Rogue Waves and Periodic Solutions of a Nonlocal Nonlinear Schr\"odinger Model

TL;DR

This paper explores solutions of a nonlocal nonlinear Schrödinger model, demonstrating how classical waveforms like rogue waves and periodic solutions can be continued into the nonlocal regime, revealing their persistence and bifurcation behaviors.

Contribution

It introduces a method to extend known local NLS solutions to the nonlocal case and analyzes their continuation and bifurcation properties.

Findings

Rogue waves and periodic solutions can be continued in nonlocal NLS models.

Periodic solutions can be extended to arbitrary nonlocalities.
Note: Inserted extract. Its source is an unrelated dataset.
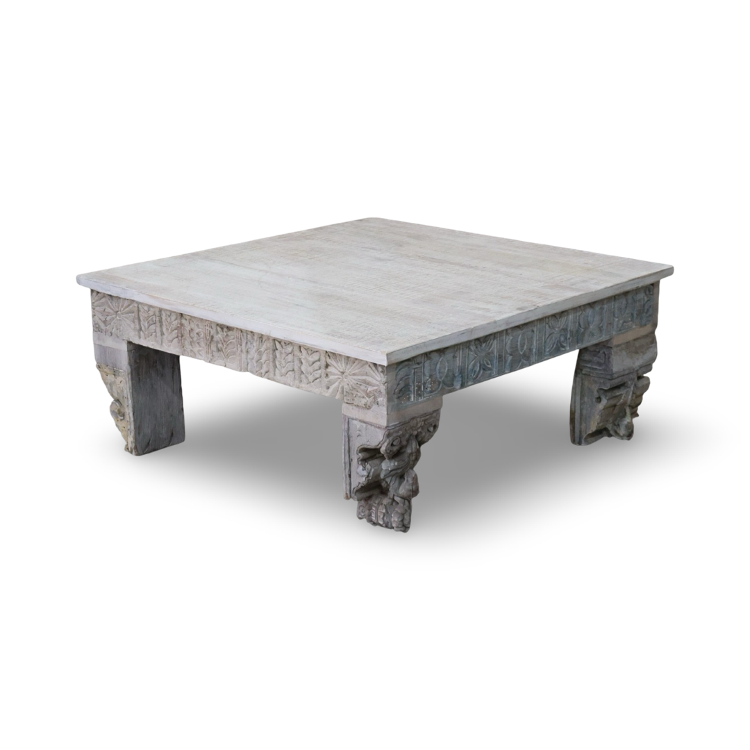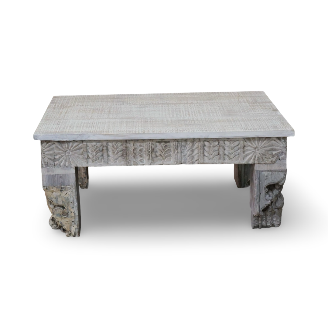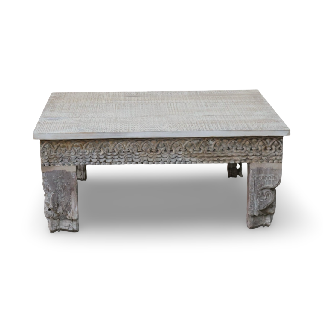 Mesas de centro elaboradas a mano en la India, en madera maciza y con detalles tallados que resaltan el trabajo artesanal. Cada pieza presenta acabados envejecidos que aportan carácter y calidez al espacio.

Periodic solutions merge with spatially periodic structures through bifurcation.

Abstract

In the present work, a nonlocal nonlinear Schr\"odinger (NLS) model is studied by means of a recent technique that identifies solutions of partial differential equations, by considering them as fixed points in {\it space-time}. This methodology allows to perform a continuation of well-known solutions of the local NLS model to the nonlocal case. Four different examples of this type are presented, namely (a) the rogue wave in the form of the Peregrine soliton, (b) the generalization thereof in the form of the Kuznetsov-Ma breather, as well as two spatio-temporally periodic solutions in the form of elliptic functions. Importantly, all four waveforms can be continued in intervals of the parameter controlling the nonlocality of the model. The first two can be continued in a narrower interval, while the periodic ones can be extended to arbitrary nonlocalities and, in fact, present an intriguing bifurcation whereby they merge with (only) spatially periodic structures. The results suggest the generic relevance of rogue waves and related structures, as well as periodic solutions, in nonlocal NLS models.